» TRY IT:
Retype all of the data word for word, without pictures.

Entries taken from a collection:

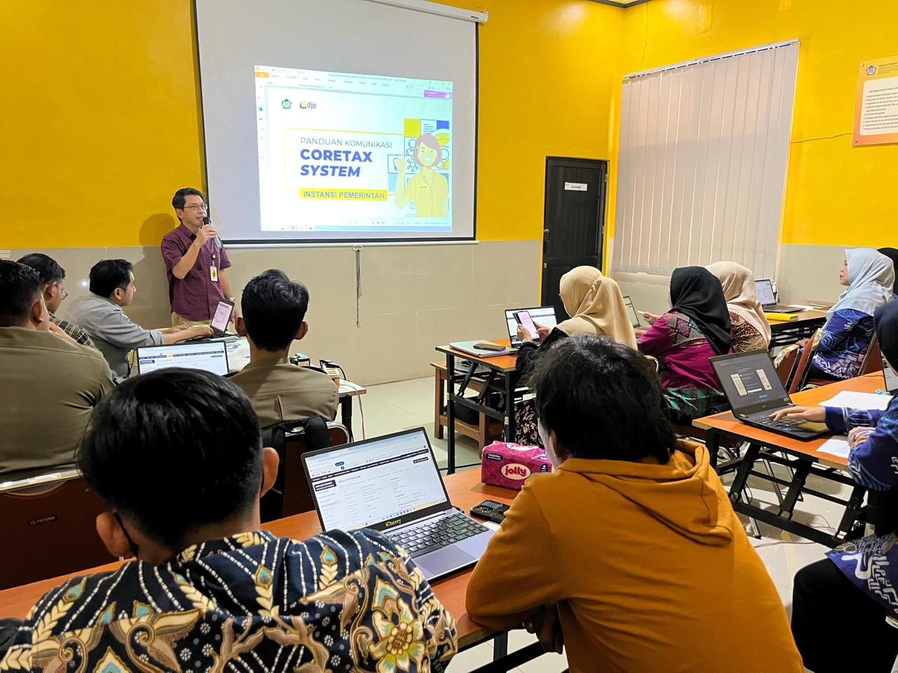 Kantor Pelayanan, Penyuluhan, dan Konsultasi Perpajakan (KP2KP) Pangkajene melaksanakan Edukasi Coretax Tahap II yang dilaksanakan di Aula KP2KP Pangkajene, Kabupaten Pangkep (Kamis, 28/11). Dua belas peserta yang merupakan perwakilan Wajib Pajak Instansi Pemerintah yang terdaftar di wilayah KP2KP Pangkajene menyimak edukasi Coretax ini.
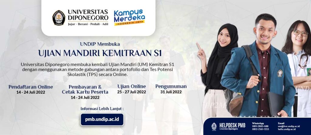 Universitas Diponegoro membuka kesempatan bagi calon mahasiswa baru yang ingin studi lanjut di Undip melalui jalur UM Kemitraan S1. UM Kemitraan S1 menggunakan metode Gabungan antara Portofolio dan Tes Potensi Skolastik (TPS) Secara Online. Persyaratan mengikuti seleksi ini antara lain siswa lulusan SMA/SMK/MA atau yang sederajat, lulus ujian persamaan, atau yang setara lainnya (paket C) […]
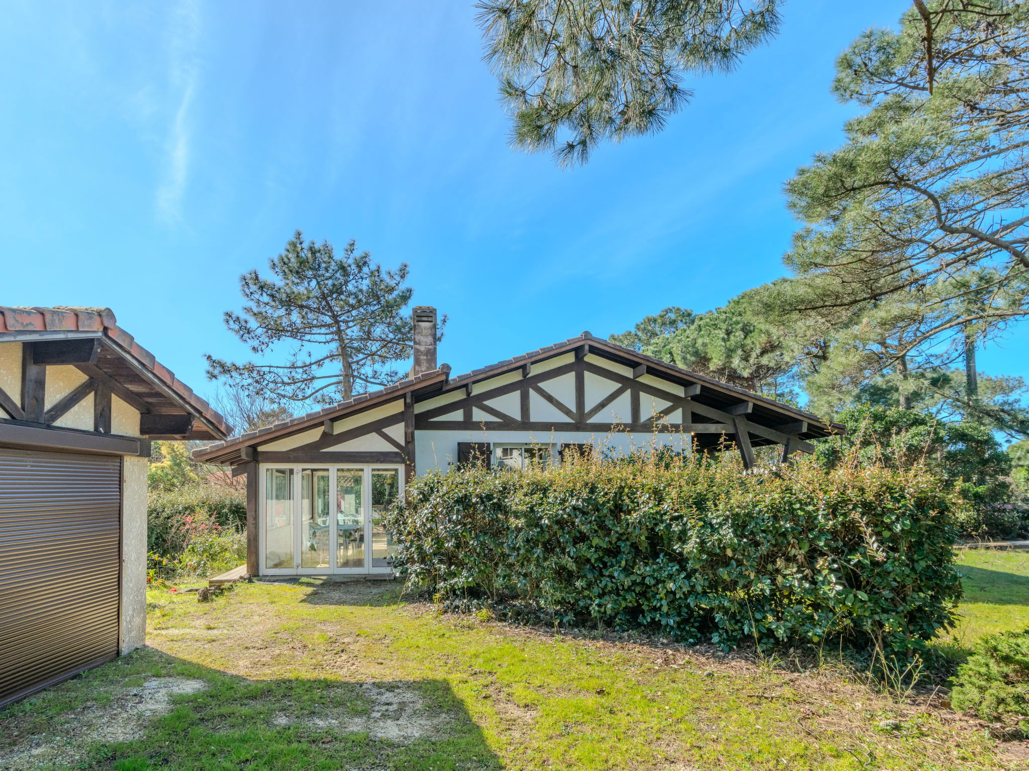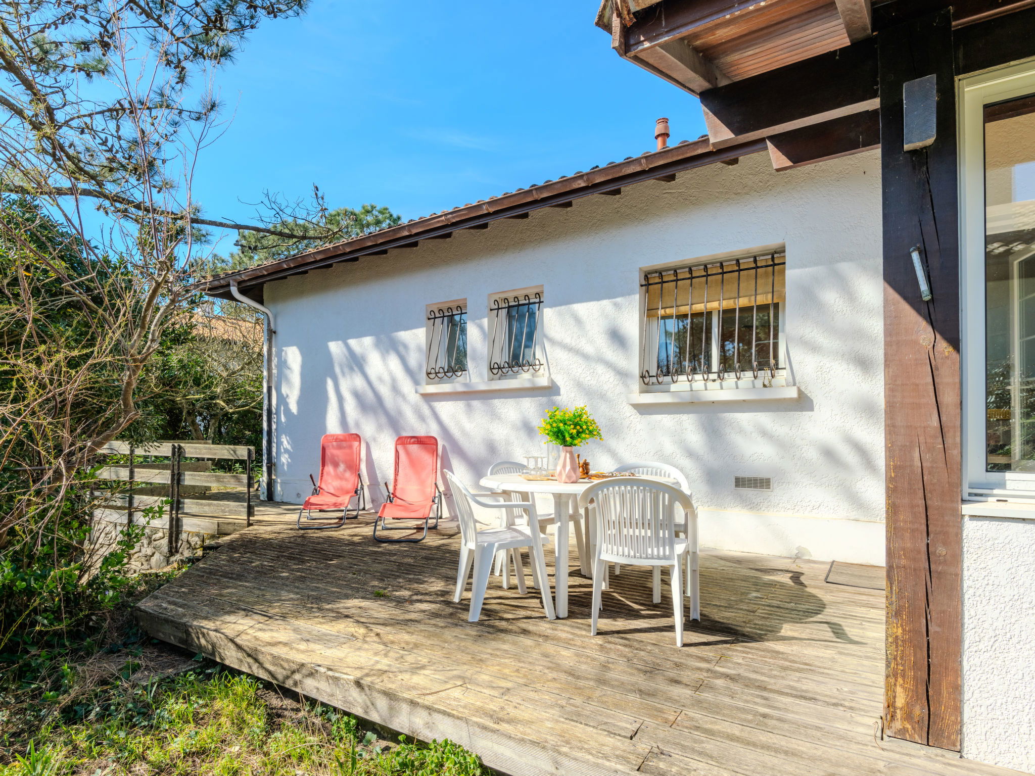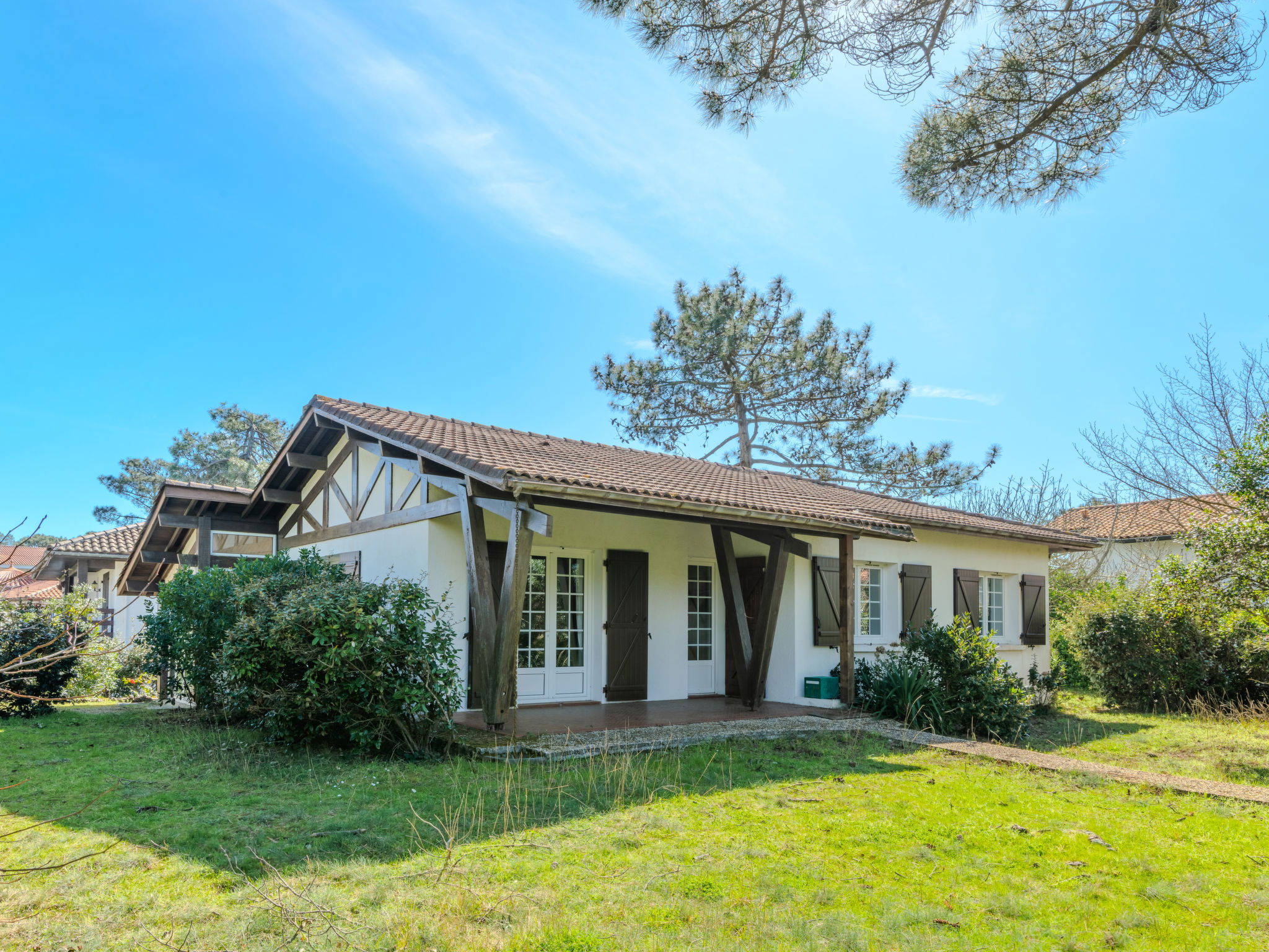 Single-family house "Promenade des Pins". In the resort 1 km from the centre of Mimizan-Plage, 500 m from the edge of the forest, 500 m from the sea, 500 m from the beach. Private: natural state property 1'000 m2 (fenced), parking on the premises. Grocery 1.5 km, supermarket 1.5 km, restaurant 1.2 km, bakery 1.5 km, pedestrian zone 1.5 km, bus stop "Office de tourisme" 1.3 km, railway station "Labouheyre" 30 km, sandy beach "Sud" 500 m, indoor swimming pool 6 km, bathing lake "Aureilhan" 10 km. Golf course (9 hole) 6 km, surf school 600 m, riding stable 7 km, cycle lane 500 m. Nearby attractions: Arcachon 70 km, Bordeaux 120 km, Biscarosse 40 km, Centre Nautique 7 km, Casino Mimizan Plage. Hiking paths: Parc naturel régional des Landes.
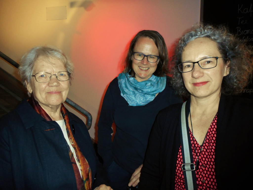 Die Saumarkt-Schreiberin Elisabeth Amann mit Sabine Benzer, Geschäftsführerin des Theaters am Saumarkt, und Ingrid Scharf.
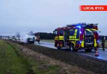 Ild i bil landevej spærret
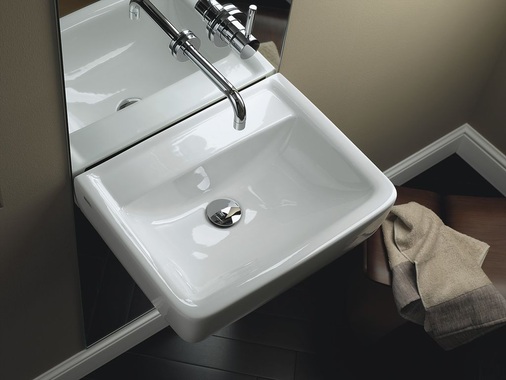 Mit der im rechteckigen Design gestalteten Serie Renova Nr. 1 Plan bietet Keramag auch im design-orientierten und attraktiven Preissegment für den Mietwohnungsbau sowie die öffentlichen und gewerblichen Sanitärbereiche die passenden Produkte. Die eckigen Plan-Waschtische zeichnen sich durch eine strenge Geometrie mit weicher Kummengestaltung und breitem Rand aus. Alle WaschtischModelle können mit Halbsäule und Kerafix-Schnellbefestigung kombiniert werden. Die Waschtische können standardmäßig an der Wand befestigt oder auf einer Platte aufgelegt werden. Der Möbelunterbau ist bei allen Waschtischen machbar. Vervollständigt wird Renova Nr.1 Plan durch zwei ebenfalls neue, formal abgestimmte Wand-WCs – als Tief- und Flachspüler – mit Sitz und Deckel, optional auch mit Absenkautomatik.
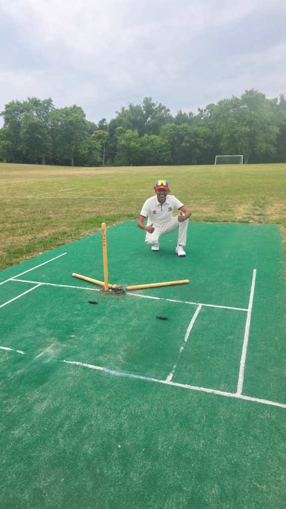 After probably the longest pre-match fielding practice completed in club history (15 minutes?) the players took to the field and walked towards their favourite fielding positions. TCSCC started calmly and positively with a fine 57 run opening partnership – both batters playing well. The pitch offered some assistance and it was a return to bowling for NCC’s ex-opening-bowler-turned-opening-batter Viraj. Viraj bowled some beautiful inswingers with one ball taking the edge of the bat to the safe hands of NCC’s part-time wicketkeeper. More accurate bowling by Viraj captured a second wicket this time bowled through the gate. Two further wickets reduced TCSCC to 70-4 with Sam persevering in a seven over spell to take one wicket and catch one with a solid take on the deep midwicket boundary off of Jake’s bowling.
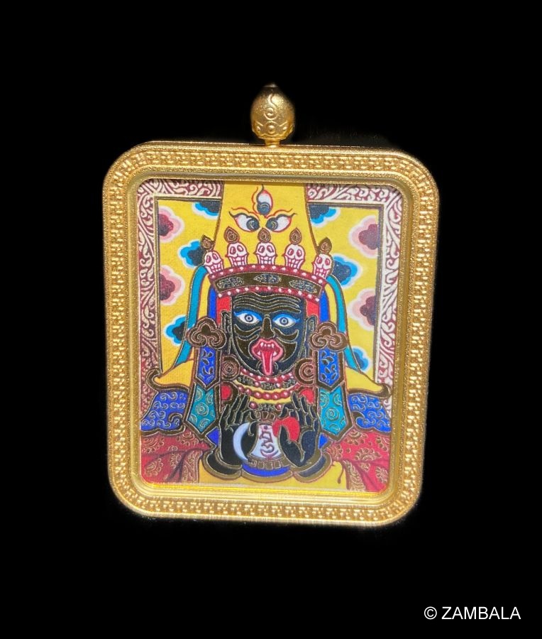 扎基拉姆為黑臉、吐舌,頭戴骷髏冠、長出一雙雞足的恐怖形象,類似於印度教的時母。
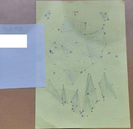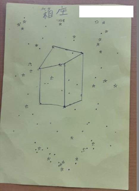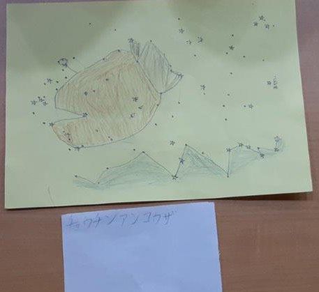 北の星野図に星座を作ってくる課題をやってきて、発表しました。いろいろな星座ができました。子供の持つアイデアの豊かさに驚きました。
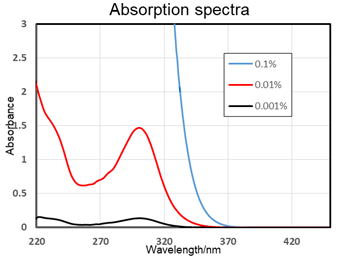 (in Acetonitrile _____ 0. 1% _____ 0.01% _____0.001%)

» OUTPUT BELOW:
 Kantor Pelayanan, Penyuluhan, dan Konsultasi Perpajakan (KP2KP) Pangkajene melaksanakan Edukasi Coretax Tahap II yang dilaksanakan di Aula KP2KP Pangkajene, Kabupaten Pangkep (Kamis, 28/11). Dua belas peserta yang merupakan perwakilan Wajib Pajak Instansi Pemerintah yang terdaftar di wilayah KP2KP Pangkajene menyimak edukasi Coretax ini.
 Universitas Diponegoro membuka kesempatan bagi calon mahasiswa baru yang ingin studi lanjut di Undip melalui jalur UM Kemitraan S1. UM Kemitraan S1 menggunakan metode Gabungan antara Portofolio dan Tes Potensi Skolastik (TPS) Secara Online. Persyaratan mengikuti seleksi ini antara lain siswa lulusan SMA/SMK/MA atau yang sederajat, lulus ujian persamaan, atau yang setara lainnya (paket C) […]
 Single-family house "Promenade des Pins". In the resort 1 km from the centre of Mimizan-Plage, 500 m from the edge of the forest, 500 m from the sea, 500 m from the beach. Private: natural state property 1'000 m2 (fenced), parking on the premises. Grocery 1.5 km, supermarket 1.5 km, restaurant 1.2 km, bakery 1.5 km, pedestrian zone 1.5 km, bus stop "Office de tourisme" 1.3 km, railway station "Labouheyre" 30 km, sandy beach "Sud" 500 m, indoor swimming pool 6 km, bathing lake "Aureilhan" 10 km. Golf course (9 hole) 6 km, surf school 600 m, riding stable 7 km, cycle lane 500 m. Nearby attractions: Arcachon 70 km, Bordeaux 120 km, Biscarosse 40 km, Centre Nautique 7 km, Casino Mimizan Plage. Hiking paths: Parc naturel régional des Landes.
 Die Saumarkt-Schreiberin Elisabeth Amann mit Sabine Benzer, Geschäftsführerin des Theaters am Saumarkt, und Ingrid Scharf.
 Ild i bil landevej spærret
 Mit der im rechteckigen Design gestalteten Serie Renova Nr. 1 Plan bietet Keramag auch im design-orientierten und attraktiven Preissegment für den Mietwohnungsbau sowie die öffentlichen und gewerblichen Sanitärbereiche die passenden Produkte. Die eckigen Plan-Waschtische zeichnen sich durch eine strenge Geometrie mit weicher Kummengestaltung und breitem Rand aus. Alle WaschtischModelle können mit Halbsäule und Kerafix-Schnellbefestigung kombiniert werden. Die Waschtische können standardmäßig an der Wand befestigt oder auf einer Platte aufgelegt werden. Der Möbelunterbau ist bei allen Waschtischen machbar. Vervollständigt wird Renova Nr.1 Plan durch zwei ebenfalls neue, formal abgestimmte Wand-WCs – als Tief- und Flachspüler – mit Sitz und Deckel, optional auch mit Absenkautomatik.
 After probably the longest pre-match fielding practice completed in club history (15 minutes?) the players took to the field and walked towards their favourite fielding positions. TCSCC started calmly and positively with a fine 57 run opening partnership – both batters playing well. The pitch offered some assistance and it was a return to bowling for NCC’s ex-opening-bowler-turned-opening-batter Viraj. Viraj bowled some beautiful inswingers with one ball taking the edge of the bat to the safe hands of NCC’s part-time wicketkeeper. More accurate bowling by Viraj captured a second wicket this time bowled through the gate. Two further wickets reduced TCSCC to 70-4 with Sam persevering in a seven over spell to take one wicket and catch one with a solid take on the deep midwicket boundary off of Jake’s bowling.
 扎基拉姆為黑臉、吐舌,頭戴骷髏冠、長出一雙雞足的恐怖形象,類似於印度教的時母。
 北の星野図に星座を作ってくる課題をやってきて、発表しました。いろいろな星座ができました。子供の持つアイデアの豊かさに驚きました。
 (in Acetonitrile _____ 0. 1% _____ 0.01% _____0.001%)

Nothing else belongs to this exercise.